What is needed: Write out again, word for word, the lines below from the line that holds "4月17–18日典型时刻东北地区风场实况" through the line that holds "Ginger suite位于勒迪亚芒,配备私人泳池,享有花园景。这家空调住宿距离樱桃海滩(Plage de", omitting pictures.

Data supplied:
━━━
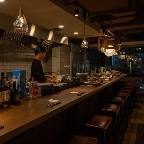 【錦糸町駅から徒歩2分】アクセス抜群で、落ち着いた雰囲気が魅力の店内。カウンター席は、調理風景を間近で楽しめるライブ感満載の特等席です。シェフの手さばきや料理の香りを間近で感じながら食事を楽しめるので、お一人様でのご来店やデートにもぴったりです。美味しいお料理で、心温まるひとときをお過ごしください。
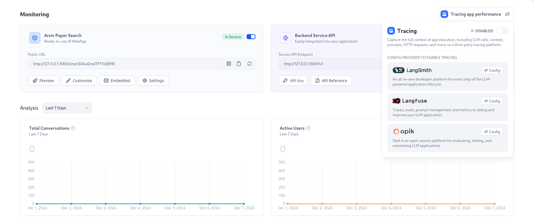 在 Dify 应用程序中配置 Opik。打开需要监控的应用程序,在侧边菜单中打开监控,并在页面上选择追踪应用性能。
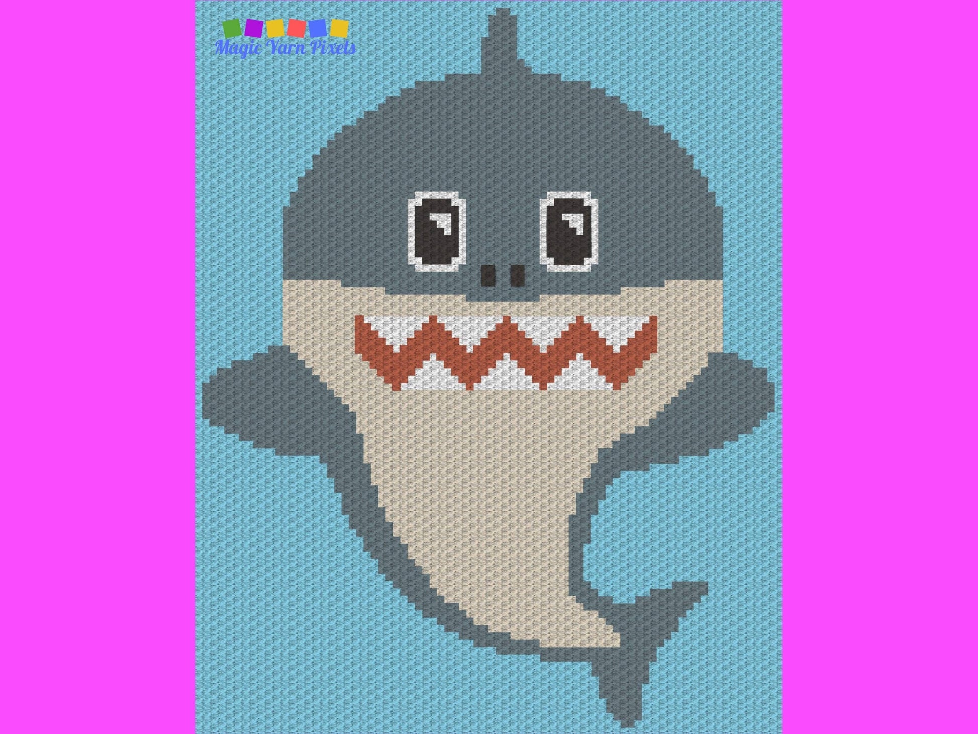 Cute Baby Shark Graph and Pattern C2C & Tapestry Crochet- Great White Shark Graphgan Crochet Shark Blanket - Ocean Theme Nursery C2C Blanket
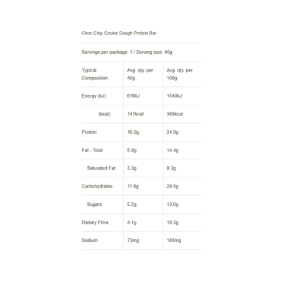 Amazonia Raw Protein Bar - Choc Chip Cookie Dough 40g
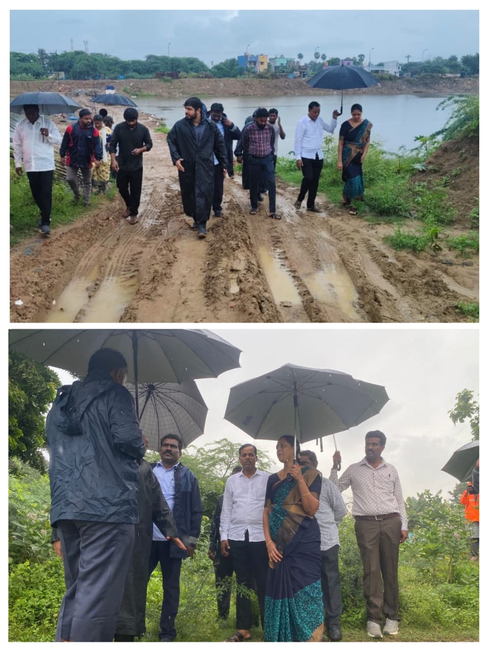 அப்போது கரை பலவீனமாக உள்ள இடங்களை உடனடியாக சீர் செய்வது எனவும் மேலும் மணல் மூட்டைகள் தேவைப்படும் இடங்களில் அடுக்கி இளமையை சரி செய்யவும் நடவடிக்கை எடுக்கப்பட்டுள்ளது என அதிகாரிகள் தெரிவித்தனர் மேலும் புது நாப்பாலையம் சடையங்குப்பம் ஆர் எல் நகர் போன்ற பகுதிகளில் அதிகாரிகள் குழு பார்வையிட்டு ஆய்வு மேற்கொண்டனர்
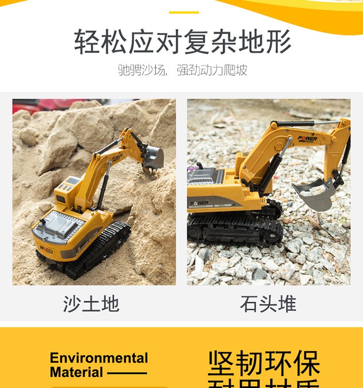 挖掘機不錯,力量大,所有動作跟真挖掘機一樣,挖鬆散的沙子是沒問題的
━━━
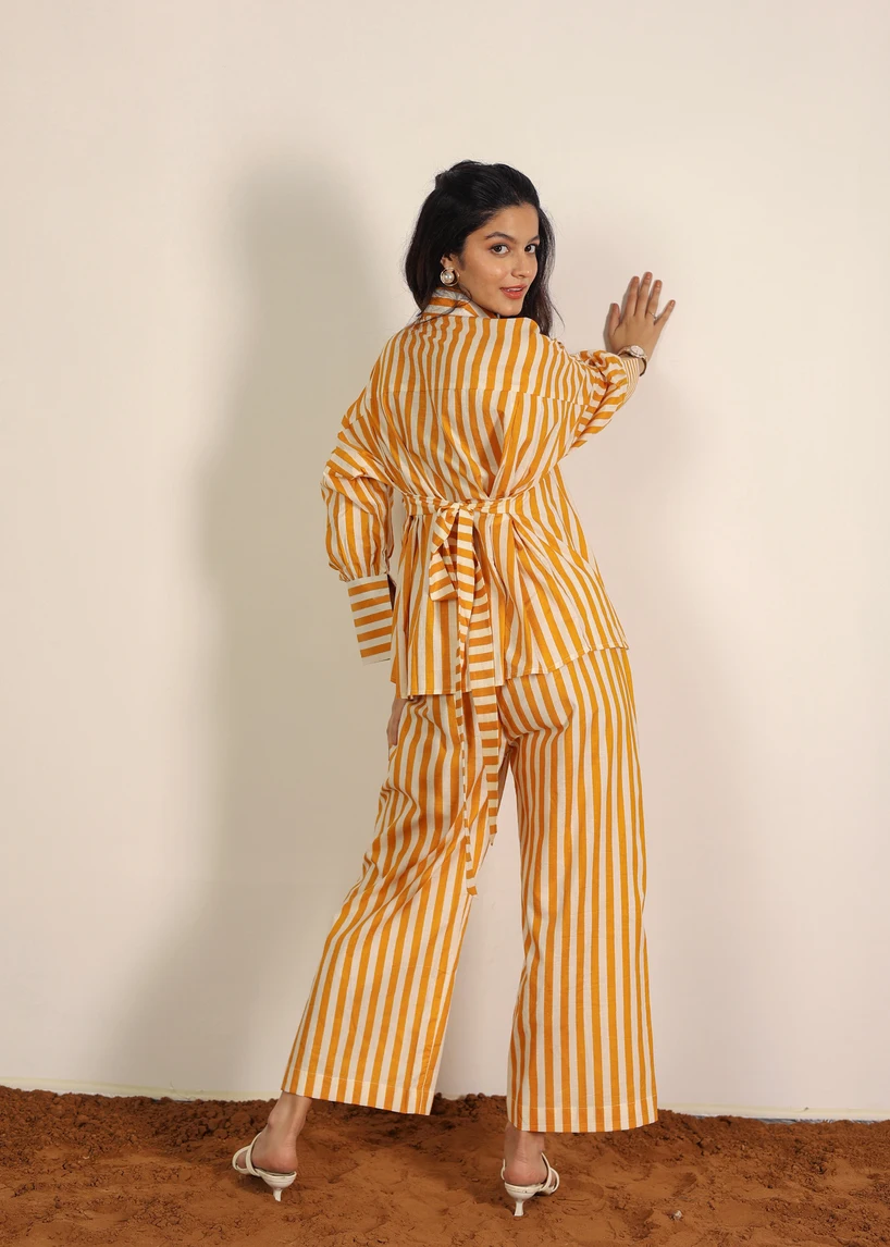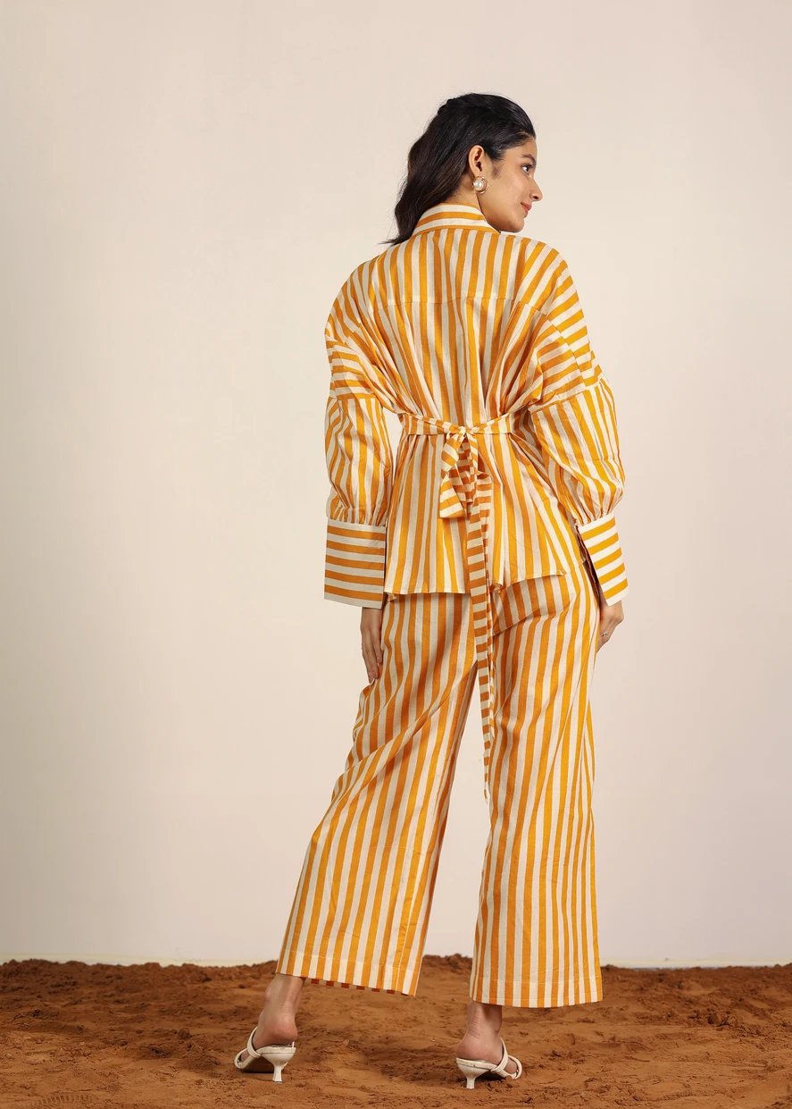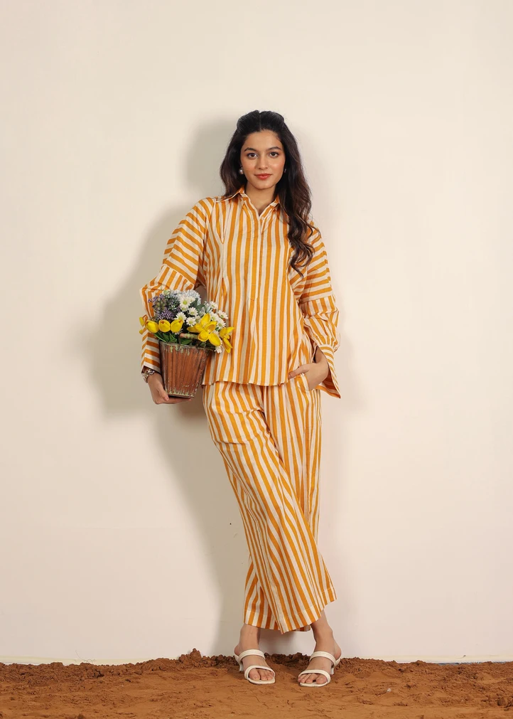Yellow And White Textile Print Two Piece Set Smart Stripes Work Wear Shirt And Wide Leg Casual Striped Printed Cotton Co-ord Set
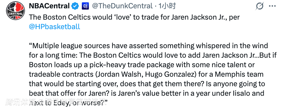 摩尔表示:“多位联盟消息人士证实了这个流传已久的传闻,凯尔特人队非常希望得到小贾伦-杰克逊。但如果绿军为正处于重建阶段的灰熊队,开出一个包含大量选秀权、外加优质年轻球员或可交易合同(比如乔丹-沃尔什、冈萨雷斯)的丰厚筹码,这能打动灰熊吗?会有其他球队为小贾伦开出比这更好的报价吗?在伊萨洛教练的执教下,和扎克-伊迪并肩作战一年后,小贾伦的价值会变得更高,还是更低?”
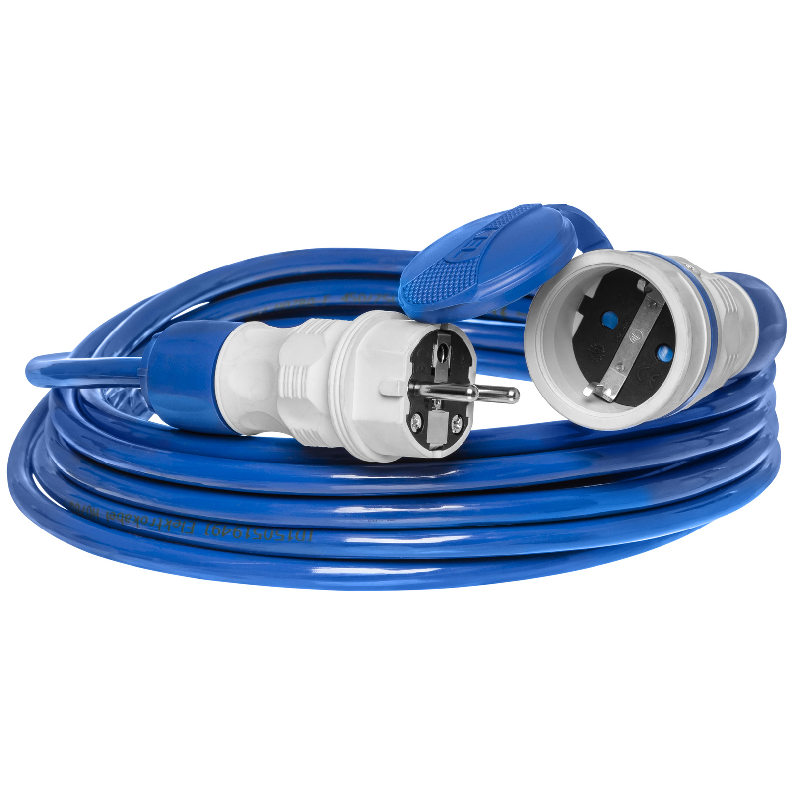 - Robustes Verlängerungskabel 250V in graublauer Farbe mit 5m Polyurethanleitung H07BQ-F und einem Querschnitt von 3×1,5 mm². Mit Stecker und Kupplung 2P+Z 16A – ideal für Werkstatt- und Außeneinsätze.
━━━
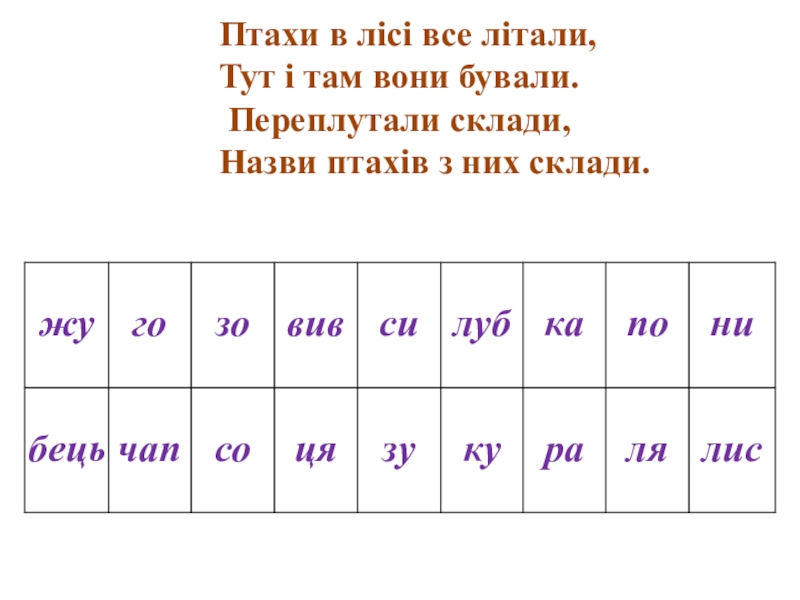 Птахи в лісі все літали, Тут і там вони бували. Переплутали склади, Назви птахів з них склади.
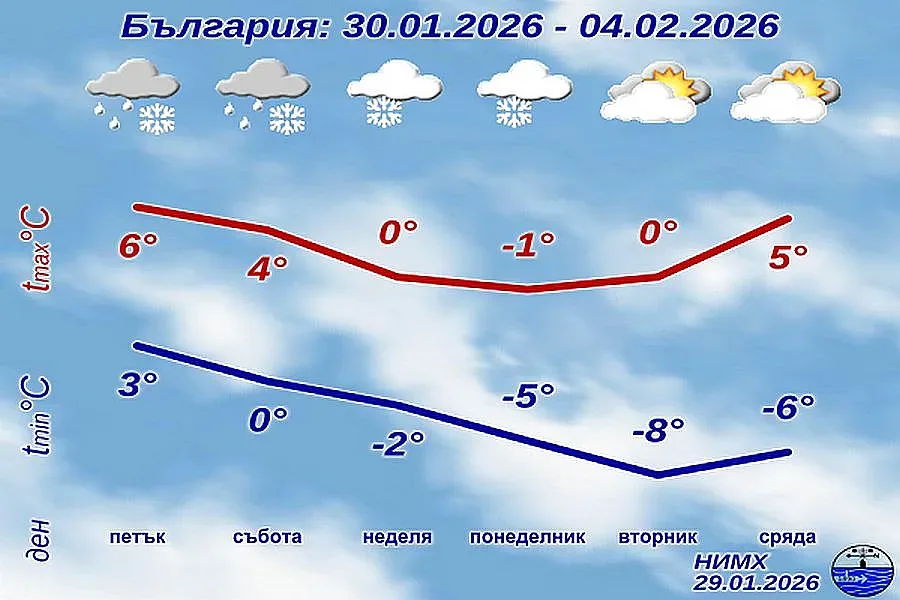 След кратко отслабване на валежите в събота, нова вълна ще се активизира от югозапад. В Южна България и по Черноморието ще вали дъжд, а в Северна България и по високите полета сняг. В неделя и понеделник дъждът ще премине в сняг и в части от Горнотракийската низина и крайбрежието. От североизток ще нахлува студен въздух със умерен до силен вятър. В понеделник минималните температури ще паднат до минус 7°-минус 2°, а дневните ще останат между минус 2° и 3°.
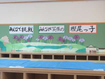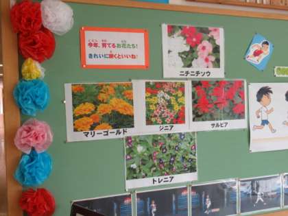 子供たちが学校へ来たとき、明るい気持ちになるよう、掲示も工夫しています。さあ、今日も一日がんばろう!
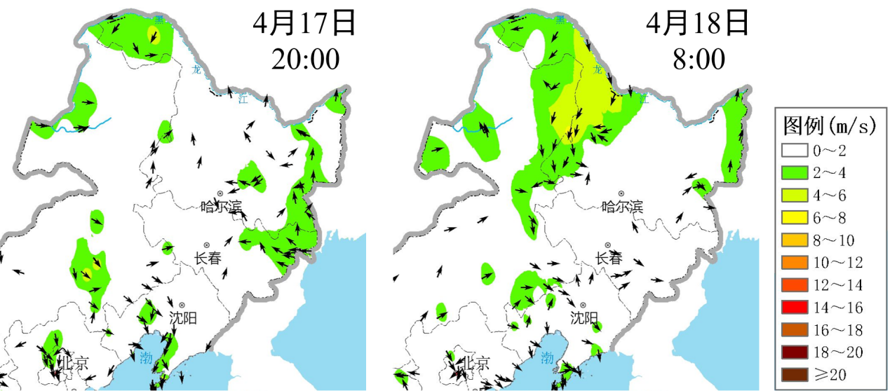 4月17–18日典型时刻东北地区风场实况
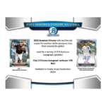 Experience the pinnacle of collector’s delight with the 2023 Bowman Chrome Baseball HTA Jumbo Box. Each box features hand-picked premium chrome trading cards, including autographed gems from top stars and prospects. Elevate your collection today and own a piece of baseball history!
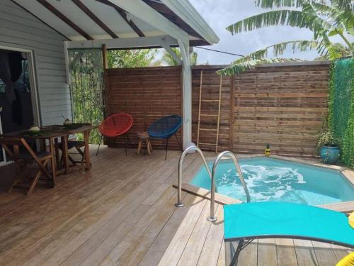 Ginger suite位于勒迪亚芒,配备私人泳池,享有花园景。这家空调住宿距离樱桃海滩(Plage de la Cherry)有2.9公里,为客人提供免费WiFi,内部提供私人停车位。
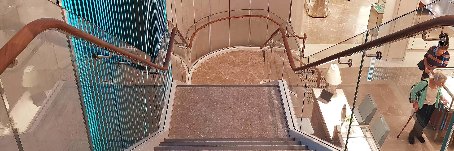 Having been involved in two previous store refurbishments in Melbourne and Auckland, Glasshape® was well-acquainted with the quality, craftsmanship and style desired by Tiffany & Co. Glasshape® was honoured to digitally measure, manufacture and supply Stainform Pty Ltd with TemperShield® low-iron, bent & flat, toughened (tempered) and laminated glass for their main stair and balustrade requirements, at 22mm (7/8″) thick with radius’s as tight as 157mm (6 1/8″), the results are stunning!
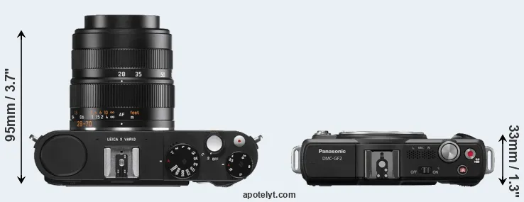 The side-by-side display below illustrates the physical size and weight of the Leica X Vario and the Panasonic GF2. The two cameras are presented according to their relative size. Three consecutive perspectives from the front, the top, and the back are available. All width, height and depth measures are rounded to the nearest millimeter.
━━━
Response to the exercise:
 4月17–18日典型时刻东北地区风场实况
 Experience the pinnacle of collector’s delight with the 2023 Bowman Chrome Baseball HTA Jumbo Box. Each box features hand-picked premium chrome trading cards, including autographed gems from top stars and prospects. Elevate your collection today and own a piece of baseball history!
 Ginger suite位于勒迪亚芒,配备私人泳池,享有花园景。这家空调住宿距离樱桃海滩(Plage de la Cherry)有2.9公里,为客人提供免费WiFi,内部提供私人停车位。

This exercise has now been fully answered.